Source records:

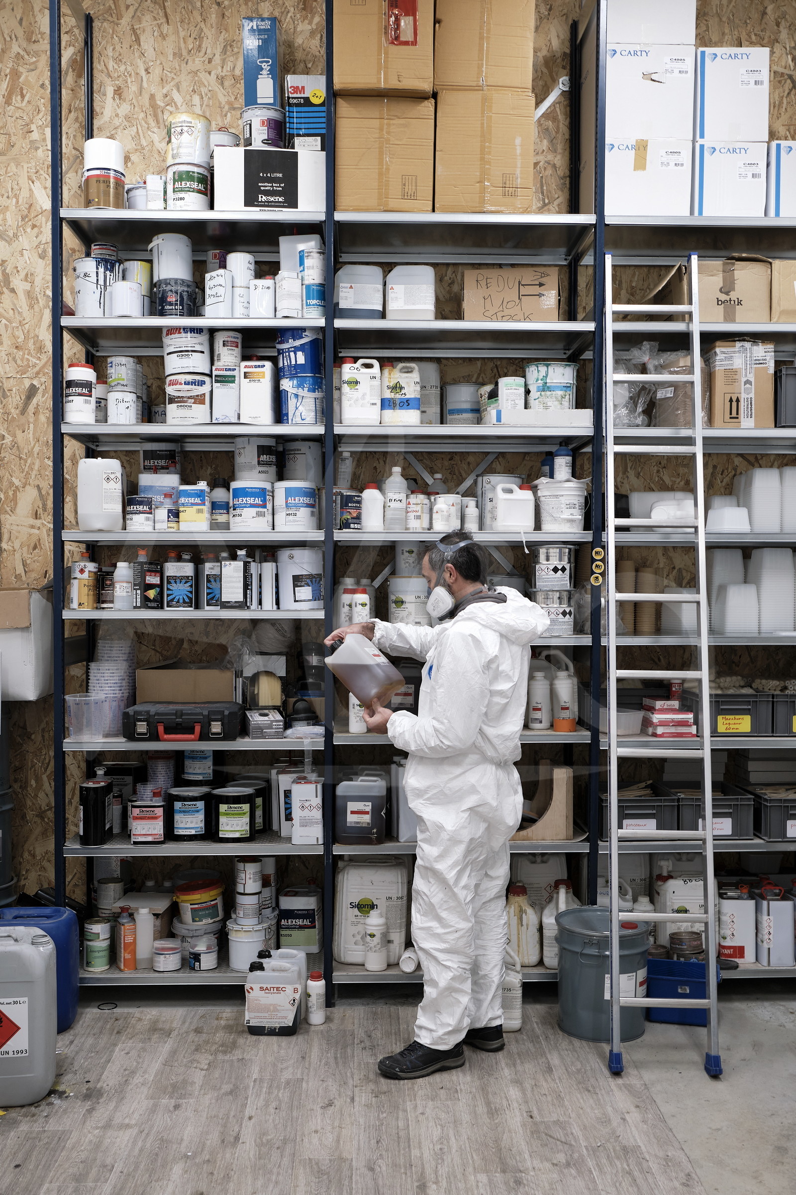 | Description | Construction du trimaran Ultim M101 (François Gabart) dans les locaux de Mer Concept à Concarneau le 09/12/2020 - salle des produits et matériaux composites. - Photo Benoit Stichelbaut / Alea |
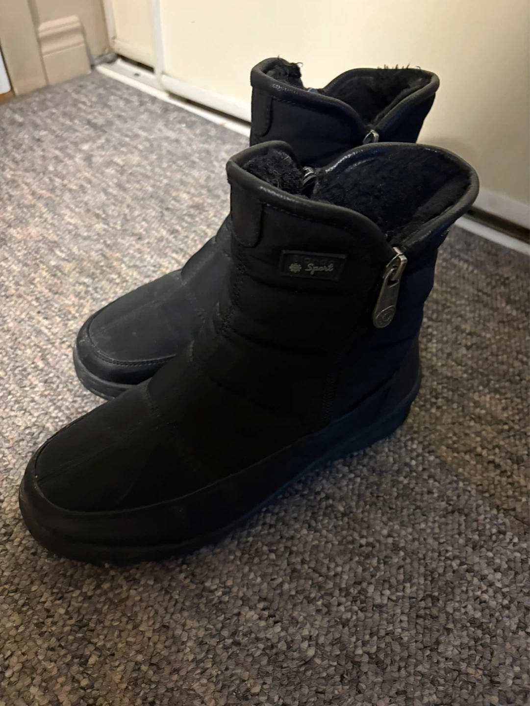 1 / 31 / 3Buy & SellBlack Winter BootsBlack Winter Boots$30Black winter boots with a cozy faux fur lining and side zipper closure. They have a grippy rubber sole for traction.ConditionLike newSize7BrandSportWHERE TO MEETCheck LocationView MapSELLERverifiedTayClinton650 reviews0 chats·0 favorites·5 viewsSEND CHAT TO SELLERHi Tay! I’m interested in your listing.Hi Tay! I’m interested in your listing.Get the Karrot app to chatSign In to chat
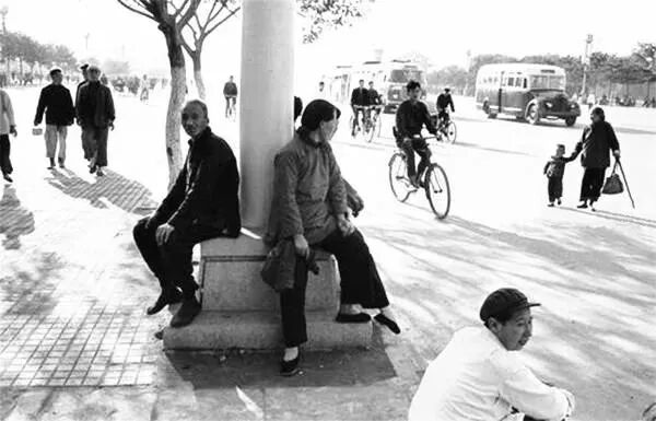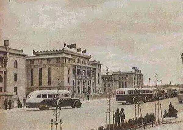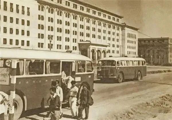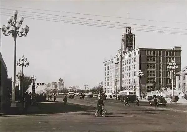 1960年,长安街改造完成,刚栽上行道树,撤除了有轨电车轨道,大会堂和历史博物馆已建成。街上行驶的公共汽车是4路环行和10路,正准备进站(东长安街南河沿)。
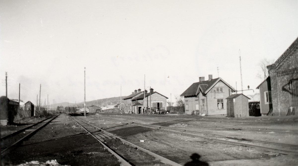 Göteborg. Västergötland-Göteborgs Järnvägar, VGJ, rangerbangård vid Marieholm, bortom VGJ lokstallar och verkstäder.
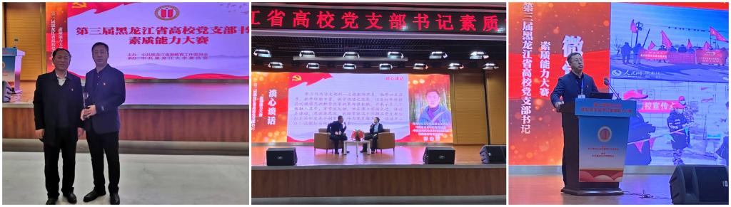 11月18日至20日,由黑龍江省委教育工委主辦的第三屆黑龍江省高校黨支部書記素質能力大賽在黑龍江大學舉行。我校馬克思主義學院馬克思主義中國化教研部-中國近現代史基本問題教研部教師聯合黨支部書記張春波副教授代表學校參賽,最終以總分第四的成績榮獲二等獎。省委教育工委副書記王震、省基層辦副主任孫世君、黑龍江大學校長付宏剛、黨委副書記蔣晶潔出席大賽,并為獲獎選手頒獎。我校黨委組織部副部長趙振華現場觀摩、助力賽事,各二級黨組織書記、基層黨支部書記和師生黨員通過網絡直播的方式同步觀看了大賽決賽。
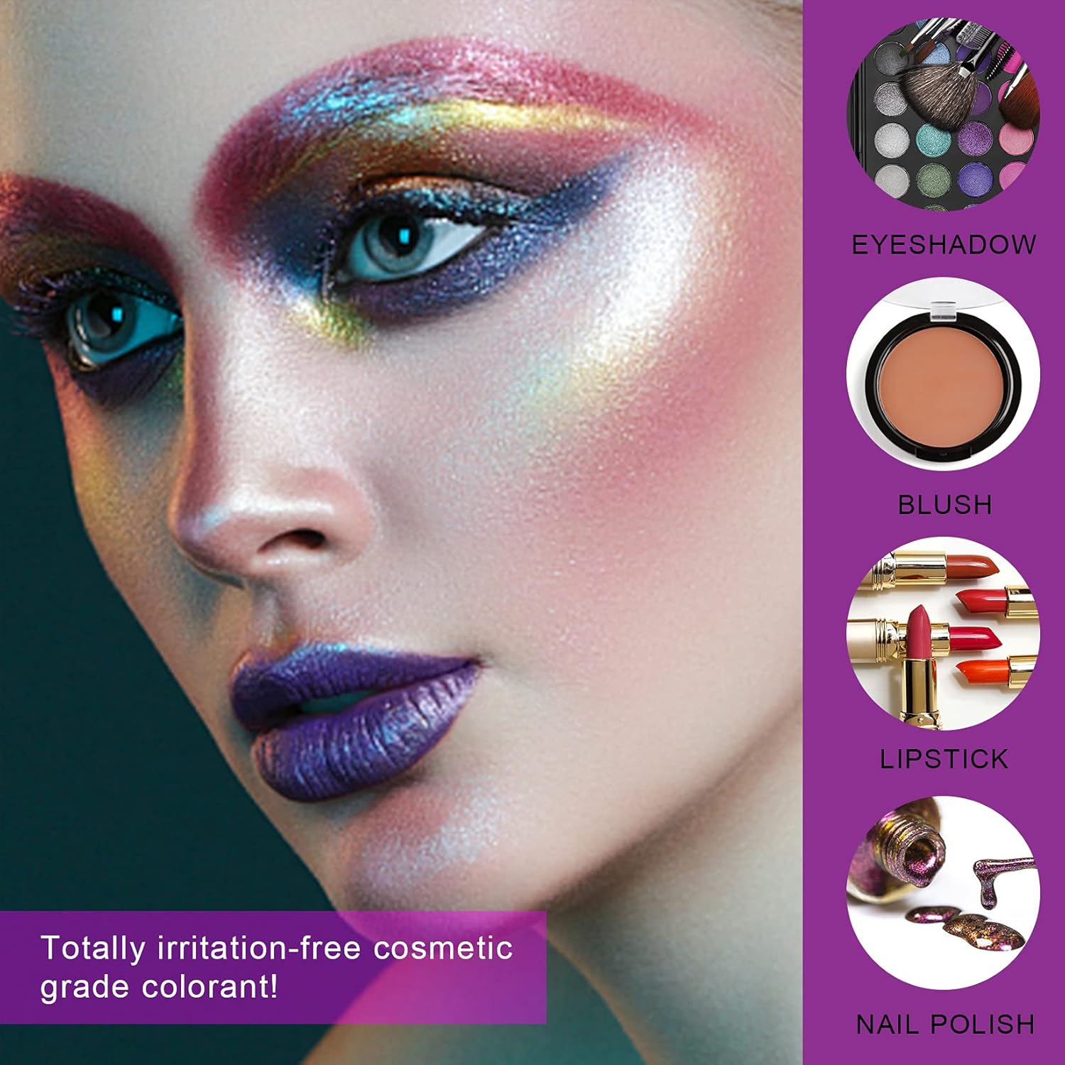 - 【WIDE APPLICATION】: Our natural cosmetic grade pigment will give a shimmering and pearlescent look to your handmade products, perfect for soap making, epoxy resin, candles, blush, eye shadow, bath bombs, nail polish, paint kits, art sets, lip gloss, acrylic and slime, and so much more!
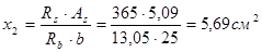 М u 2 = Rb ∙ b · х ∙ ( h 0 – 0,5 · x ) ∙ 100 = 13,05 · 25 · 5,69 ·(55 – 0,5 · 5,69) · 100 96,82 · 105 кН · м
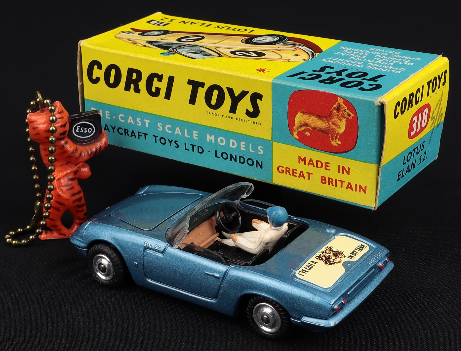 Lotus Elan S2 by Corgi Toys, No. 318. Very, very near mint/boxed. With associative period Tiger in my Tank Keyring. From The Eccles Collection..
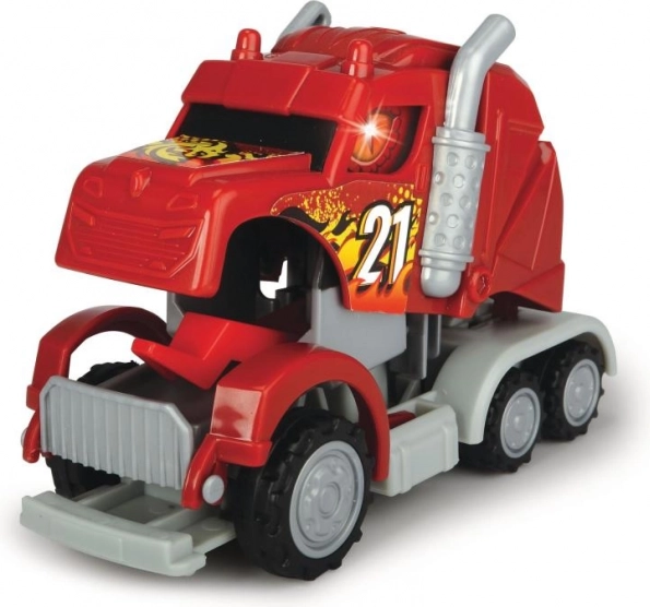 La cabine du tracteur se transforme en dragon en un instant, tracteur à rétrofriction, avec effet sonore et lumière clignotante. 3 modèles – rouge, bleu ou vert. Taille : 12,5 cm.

▶ Exercise
Please write out the lines above exactly, from the one that contains "11月18日至20日,由黑龍" through the final line, and include none of the pictures.

▶ Solution to this exercise
 11月18日至20日,由黑龍江省委教育工委主辦的第三屆黑龍江省高校黨支部書記素質能力大賽在黑龍江大學舉行。我校馬克思主義學院馬克思主義中國化教研部-中國近現代史基本問題教研部教師聯合黨支部書記張春波副教授代表學校參賽,最終以總分第四的成績榮獲二等獎。省委教育工委副書記王震、省基層辦副主任孫世君、黑龍江大學校長付宏剛、黨委副書記蔣晶潔出席大賽,并為獲獎選手頒獎。我校黨委組織部副部長趙振華現場觀摩、助力賽事,各二級黨組織書記、基層黨支部書記和師生黨員通過網絡直播的方式同步觀看了大賽決賽。
 - 【WIDE APPLICATION】: Our natural cosmetic grade pigment will give a shimmering and pearlescent look to your handmade products, perfect for soap making, epoxy resin, candles, blush, eye shadow, bath bombs, nail polish, paint kits, art sets, lip gloss, acrylic and slime, and so much more!
 М u 2 = Rb ∙ b · х ∙ ( h 0 – 0,5 · x ) ∙ 100 = 13,05 · 25 · 5,69 ·(55 – 0,5 · 5,69) · 100 96,82 · 105 кН · м
 Lotus Elan S2 by Corgi Toys, No. 318. Very, very near mint/boxed. With associative period Tiger in my Tank Keyring. From The Eccles Collection..
 La cabine du tracteur se transforme en dragon en un instant, tracteur à rétrofriction, avec effet sonore et lumière clignotante. 3 modèles – rouge, bleu ou vert. Taille : 12,5 cm.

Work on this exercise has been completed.